Its natural habitat is the understory and the middle strata of moist broadleaf forests; in the majority of its localities, it is found in tall trees of terra firme (Note: Upland forests that do not flood in the northern regions of the Amazon basin.) forests.

== Systematics ==

=== Original description ===
Xiphorhynchus ocellatus beauperthuysii was first described by the French naturalists Jacques Pucheran and Frédéric de Lafresnaye in 1850 under the scientific name Nasica beauperthuysii. Its type locality is 'Amazonum Ripas', or the Peruvian Amazon.

=== Etymology ===
The masculine generic name Xiphorhynchus is composed of the Greek words "ξιφος, xiphos": sword, and "ῥυγχος, rhunkhos": the snout; meaning "with a beak in the shape of a sword". The specific name beauperthuysii commemorates the French microbiologist Louis Daniel Beauperthuy Desbonnes (1807–1871).

=== Taxonomy ===
The taxa is currently treated as the subspecies X. ocellatus beauperthuysii of the ocellated woodcreeper (Xiphorhynchus ocellatus), which is identified in the southern regions of the Amazon river as based on its initial classifications, but at one point was recognized as a separate species by Birds of the World (HBW), Birdlife International (BLI) and the Comité Brasileño de Registros Ornitológicos (CBRO), based on the significant genetic divergences encountered in a multilocular phylogenetic analysis of Xiphorhynchus pardalotus/ocellatus completed by Sousa-Neves et al (2013).
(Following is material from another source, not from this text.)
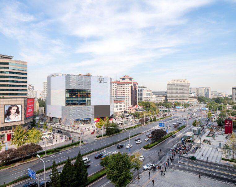 MVRDV was commissioned to design the building’s exterior and responded to these competing hopes with a 7-storey volume that rises to the maximum allowed height of 36 metres—an unusually tall building for this kind of mall. The shape of the building was generated by cutting the volume at various angles to orient the façades to face key locations, such as the railway station and an intersection on the other side of the street, generating a shape that is both contextual and recognizable in its visual presence. It also allowed MVRDV to include open-air terraces on each level, which are symbolically oriented towards landmarks such as the Forbidden City and Temple of Heaven—some visible from the building, others more distant—to root the building in its location.
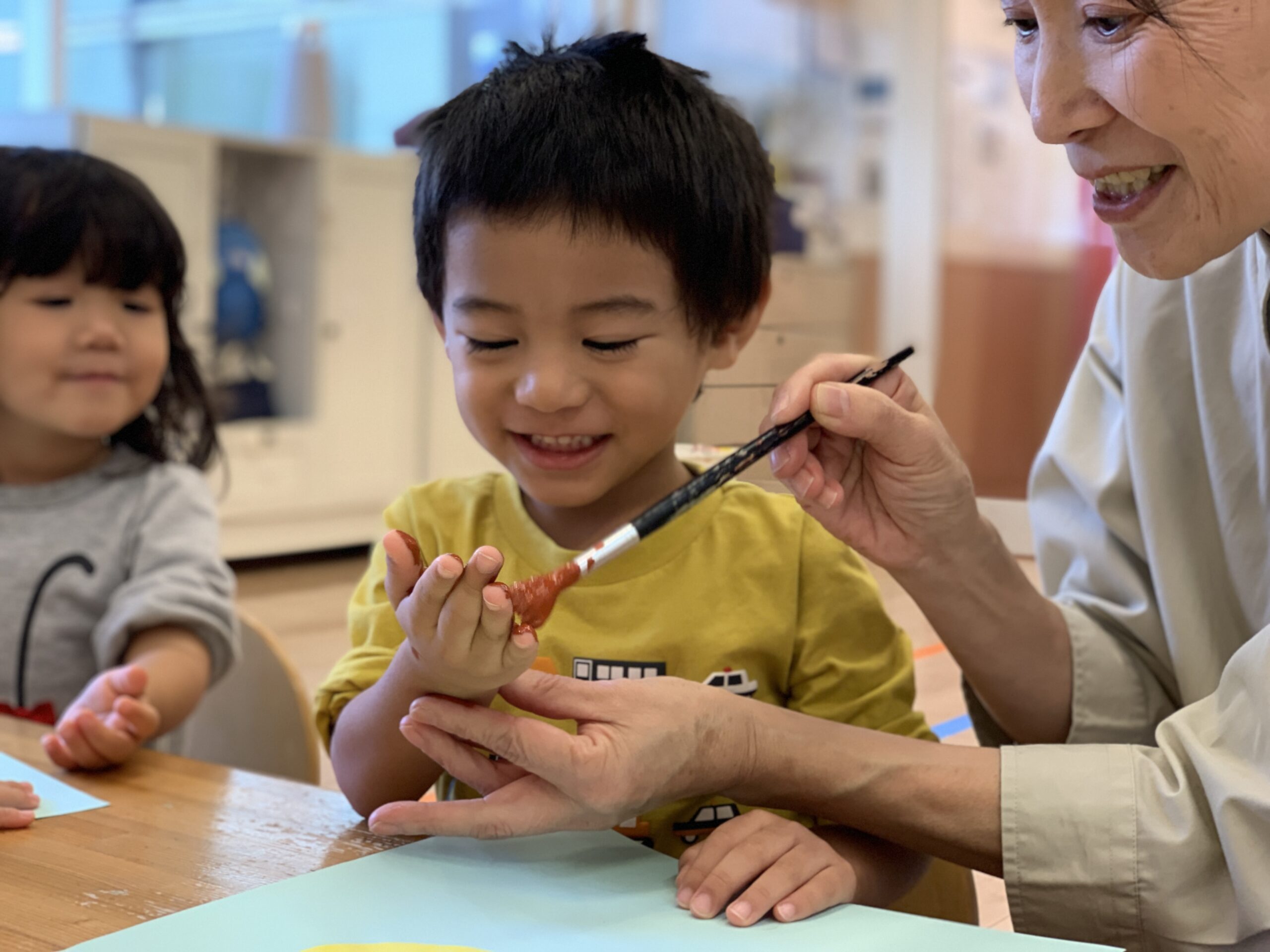 中には、絵の具が手に付くのが苦手な子もいましたが、保育士が隣にそっと寄り添い、一緒に筆を持って描いてみたり、指の代わりに筆を使ってみたりと、個別対応保育をしながら無理なく活動に参加できるよう工夫しました。

However, the separation of species was not recognized by the Comité de Clasificación de Sudamérica (SACC), which declined Proposition N° 600 that proposed the separation of X. ocellatus into three species, citing insufficient published data.
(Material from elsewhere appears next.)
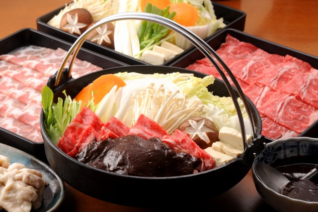 壽喜燒是以淺鍋來煮肉和蔬菜,如豆腐、日本葱、白菜和香菇,配合醬油、味醂、清酒、糖和水混合的湯汁烹煮。而且會把熟肉蘸生雞蛋來品嚐。
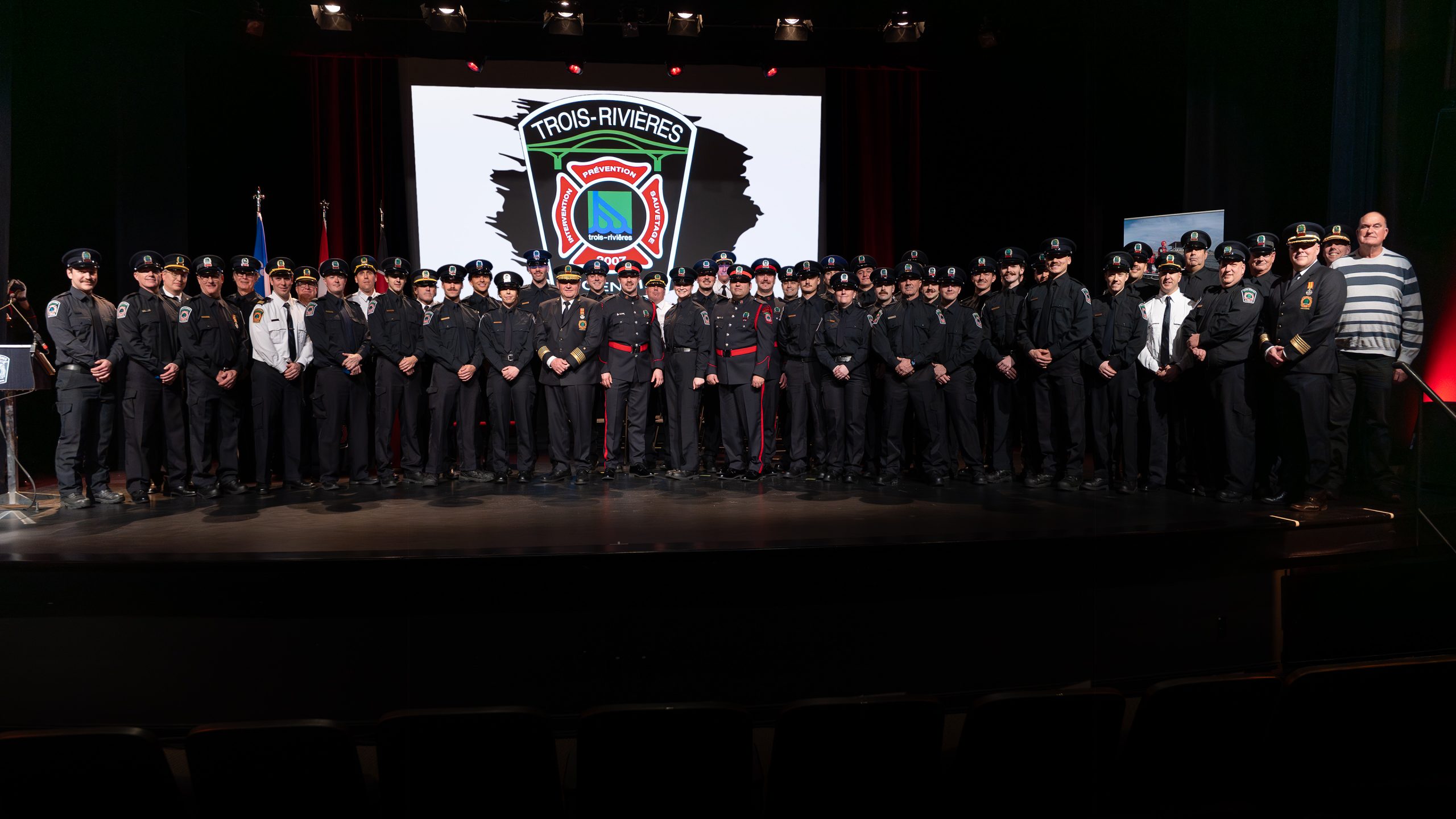 La Ville de Trois-Rivières a tenu une cérémonie honorifique au Théâtre du Cégep afin de souligner le dévouement de ses pompières et pompiers.

The main reason cited by Birds of the World justifying the separation of species, apart from genetic evidence, is the notable differences in vocalization between birds in the north and birds in the south of the Amazon River.
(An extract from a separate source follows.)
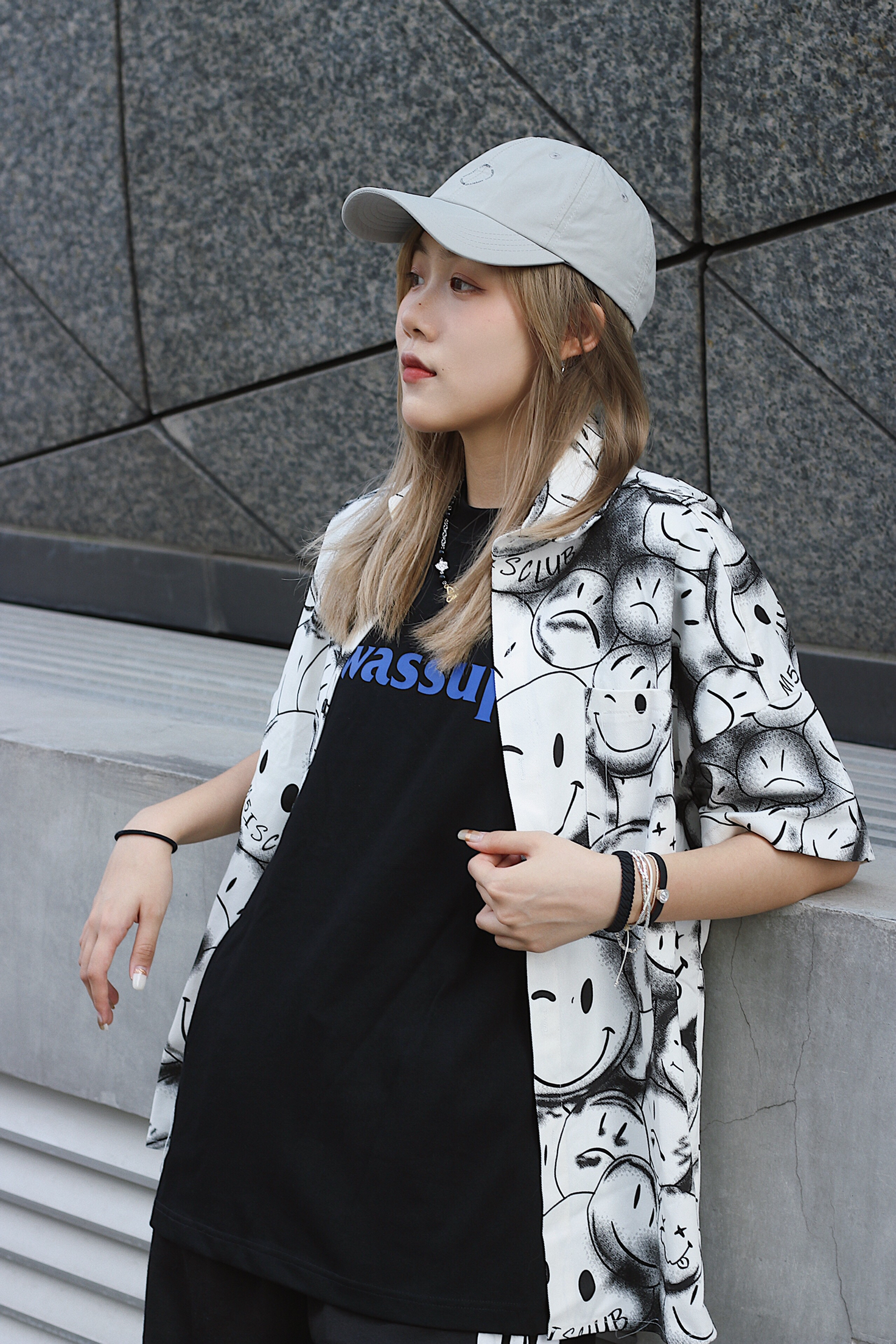 🌪衣服 wassup@WASSUP俱乐部 黑色的衣服中间的亮色字母十分别致 作为内搭或者单穿都十分不错 个人很喜欢很百搭呢 🌪️外套 m5is 笑脸的衬衫外套也太好看了吧 夏天必备的一件搭配神器呀 黑白色无论怎么穿都很好看呢!爱了爱了~ 👖裤子 m5is 黑白色系的条纹裤 显瘦又百搭 夏天必备的休闲运动裤 个人太喜欢了! 👟鞋子 亚瑟士 整套穿搭很休闲百搭 个人很喜欢这舒服的穿搭 好看又休闲...

The epithet beauperthuysii replaces the previously used name weddellii, since the latter had a vaguely defined type locality, which would later be used to refer to X. ocellatus.

=== Subspecies ===
According to Birds of the World, two subspecies of X. ocellatus that may be termed as "line-crowned woodcreepers" are recognized. The subspecies Xiphorhynchus ocellatus lineatocapilla has an uncertain distribution known only from its holotype; the type is said to have been collected from Ciudad Bolívar in Venezuela, but this is most likely wrong.